J’me sens tellement coupable. J’feel coupable de me déchirer comme la jeune fleur que j’étais à 18 ans. Ma culpabilité englobe toute. J’scrap ma journée au complet, trop deg pour me bouger l’cul. J’ai sûrement trop dépensé quand j’devais déjà être chaude raide, comme si j’avais besoin des 3 derniers shots à 2h45. J’me demande qui j’ai envoyé chier et qui j’ai drunk texté. J’angoisse en me disant que j’t’en train de crisser ma vie en l’air, une brosse à la fois. Je survis chaque fois. Et j’oublie à quel point j’ai mal feelé, jusqu’à la prochaine fois.

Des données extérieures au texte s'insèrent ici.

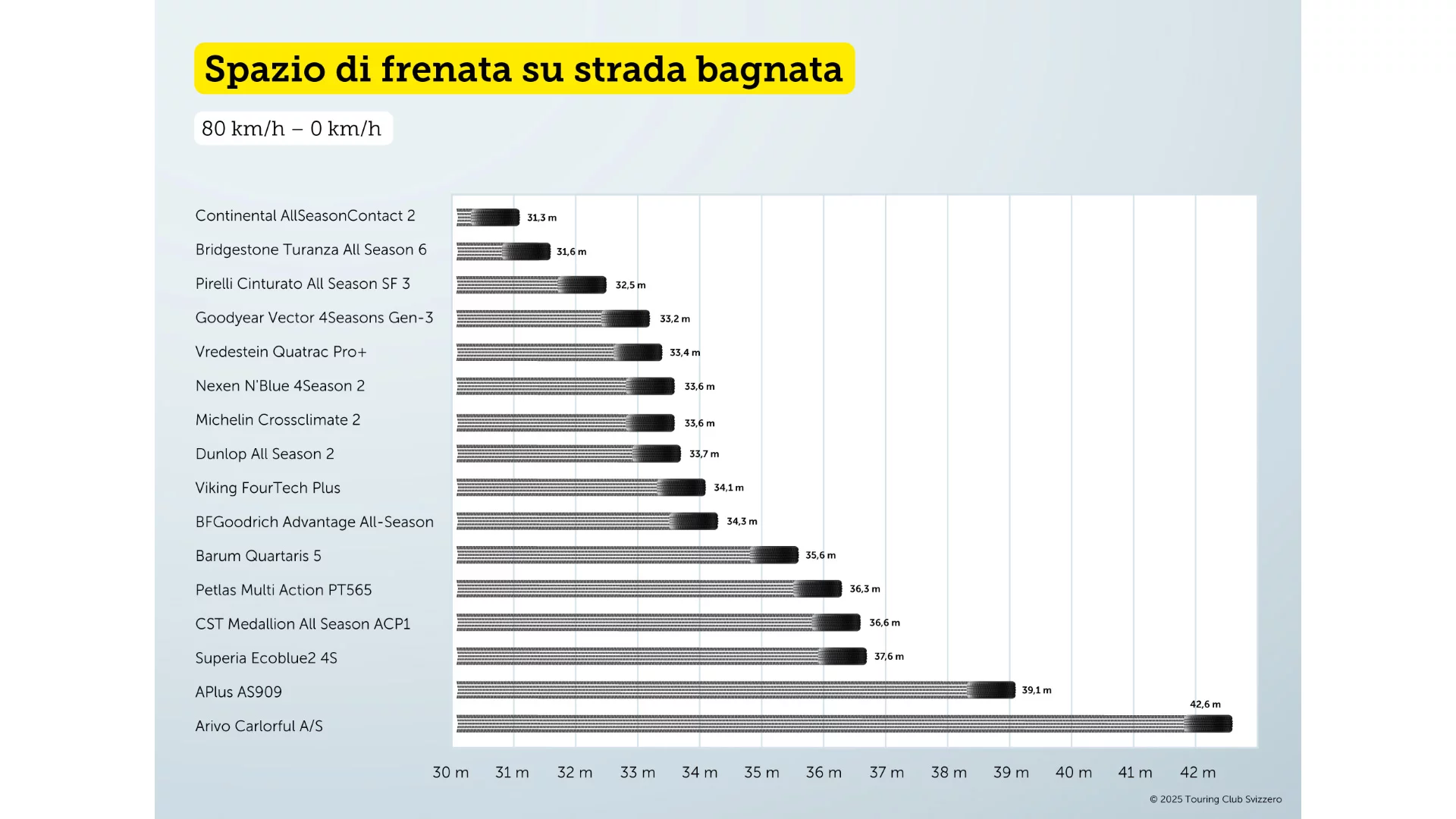 Su fondo bagnato a 80 km/h, i migliori risultati nei test di frenata sono stati ottenuti con i pneumatici Continental All Season Contact 2 e i peggiori con gli Arivo Carlorful A/S. Qui la differenza nello spazio di frenata è di 11,3 metri: quando il veicolo equipaggiato con pneumatici Continental si ferma, quello con pneumatici Arivo ha ancora una velocità residua di quasi 41 km/h, il che aumenta notevolmente il rischio di incidenti. Su strada innevata a 30 km/h, i Nexen N'Blue 4 Season 2 sono i migliori pneumatici, mentre i Petlas Multiaction PT565 sono i meno convincenti con uno spazio di frenata di 3,5 metri in più. Ciò corrisponde a una velocità residua di 16 km/h, una differenza significativa in termini di sicurezza.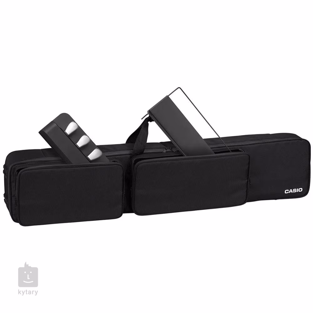 Kryt klávesnice Casio SC 800 vhodný pre Casio CDP-S100, CDP-S350, PX-S1000, PX-S1100, PX-S3000 a PX-S3100. Je vybavený hrubým, dvadsaťmilimetrovým polstrovaním a okrem dvoch rukovätí na vodorovné prenášanie má aj zadné popruhy. Na príslušenstvo sú tu dve praktické vrecká, do ktorých sa ľahko zmestí notový stojan, pedál a adaptér.

On est dans une époque où y’a une apologie de la consommation d’alcool. C’est bien vu virer des brosses pis faire la fête jusqu’aux petites heures, surtout il faut bien tolérer l’alcool, sinon on est une vraie marde. Tu veux pas le dernier shot parce que t’es chaud? Criss que t’es plate. Tu fais février sans alcool. C’est quoi ton problème? Combien de personnes ont déjà dit qu’elles dateraient jamais quelqu’un qui boit pas. Un bon criss de paquet d’après moi.

Mais quand tu y penses, si tu avais le choix. Tu daterais le gars qui boit pas. Ou le gars qui met sans cesse des Instastory où ses amis y versent directement des shots dans yeule. Ce gars qui met aussi une photo de son late-night snack au McDo, avec son ami qui dort la face dans son Junior au poulet. Celui qui arrive toujours avec de nouvelles anecdotes de brosses, toujours fier de les partager avec toi, comme si c’était mieux qu’un doctorat.  Avant je savais la réponse, aujourd’hui je sais pu.

C’est ma fête cette semaine, je vais continuer de vivre dans le déni encore un petit peu.